Virgil went still. His face was expressionless.
“If you give me that tape
, I’ll go up to your room, alone, and get Randy out of your bed.”
“That’s it? That’s your threat?”
“No, this is the threat. If you keep the tape, I leave Randy in the bed. And Griffy sues your ass for palimony and takes the bed. Or maybe not. Maybe you can make it up to her somehow, despite the way you’ve treated her, and maybe she’ll stay with you. But if I’m telling the truth, she will never give up that bed.”
He opened his mouth and she raised her voice again, rolling over him.
“And you will never know if Randy is in there or not, because Randy doesn’t do guys. That’s not his curse. He has to satisfy any woman in his bed. It’s annoying sometimes, he can’t control himself — he’s a bigger slut than I am — but I guess if you’ve practiced two hundred years, it’s hard to break the habit.
“You and your videotape,” she said with scorn. “Shall I tell you what it feels like to a woman, to think you’re alone in bed and then find out, inch by magical inch, what happens when he starts to make his presence known? How it feels to be having sex with a guy and then realize, hey, there’s too many hands touching me, there’s too many tongues licking me, too many—”
“Stop!” Virgil was panting, his face dark with rage. “I don’t believe you.”
“So don’t.” She shrugged. “All you have to do is tell Griffy you’re getting rid of that bed. See how she reacts.”
Jewel turned on her heel and walked out, swinging her mask at her side.
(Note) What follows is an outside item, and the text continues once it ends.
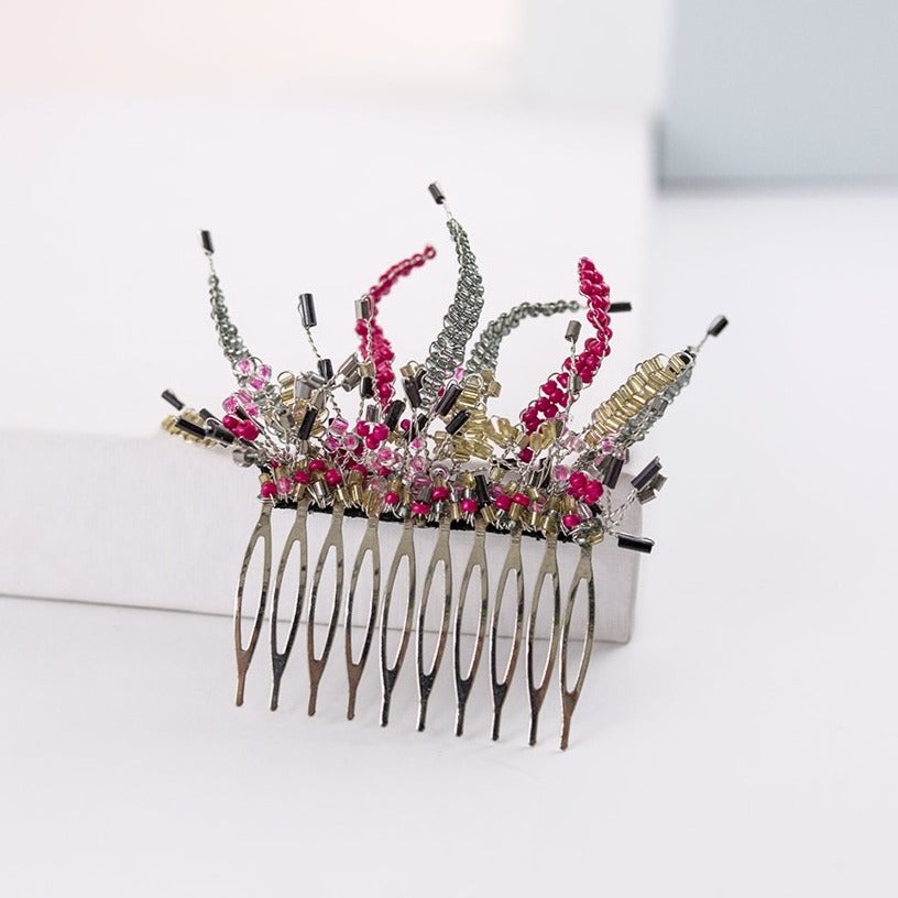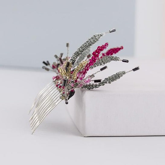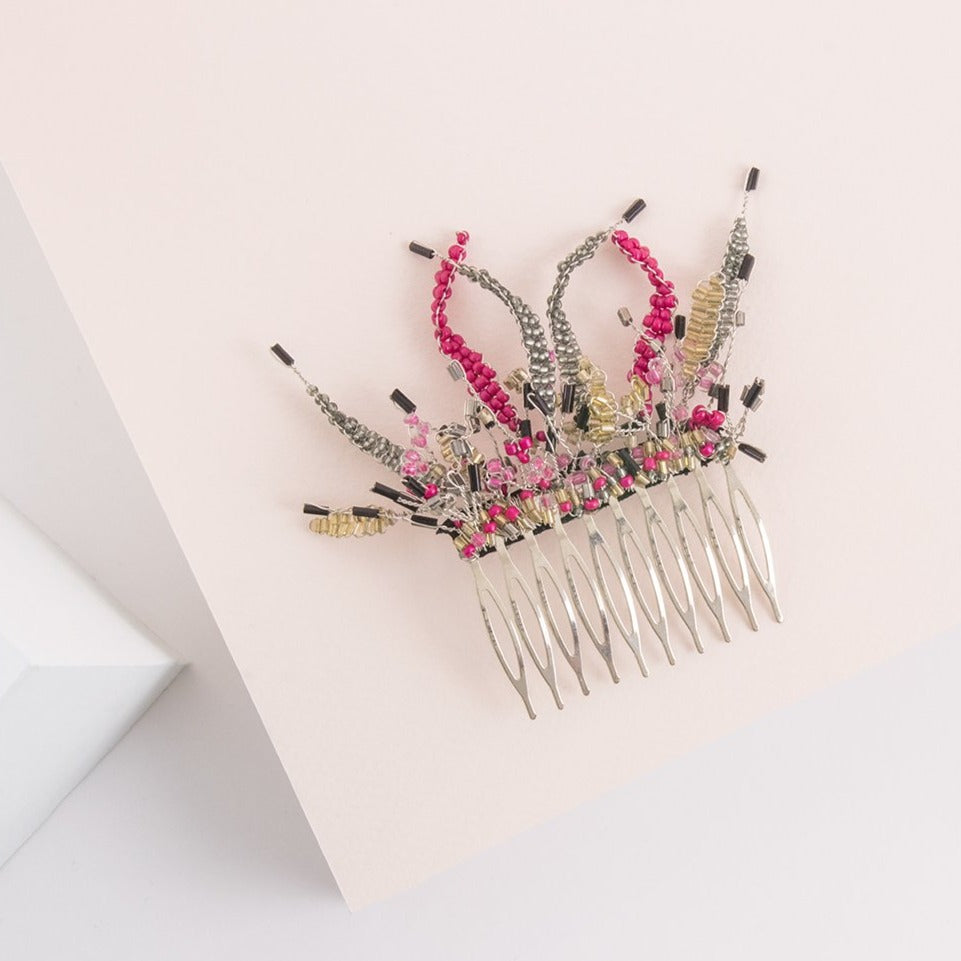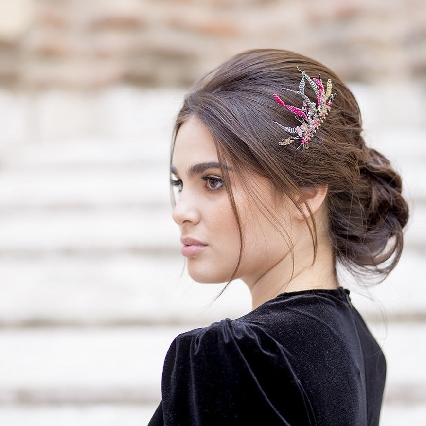 ¿Por qué la proponemos para bodas de tarde?, bueno pues porque los colores fucsia, negro, dorado y plomo, además de su tamaño pequeño y brillo sobrio, la hacen perfecta para cuando las chicas queremos llevar un accesorio en el pelo, que se vea pero que sea discreto.

Holy Jumping Jack Flash in a basket with fries and slaw. That was terrifying. She decided to stop needling Clay for knuckling under to his dad.
Now to warn Griffy to do her part.
Out in the alley, the block party was picking up speed. Other home-owners had opened their garages and back yards. Smells of grilled steak filled the air. The Self-Love ladies stood out in their huge feathered masks, but other lady merrymakers made up for it in itty bitty cocktail dresses, big sparkly rocks, and shoes inappropriate for a cobbled alley. Everyone was drinking.
After the fight with Virgil, Jewel regretted turning down his brandy. Though he might poison me.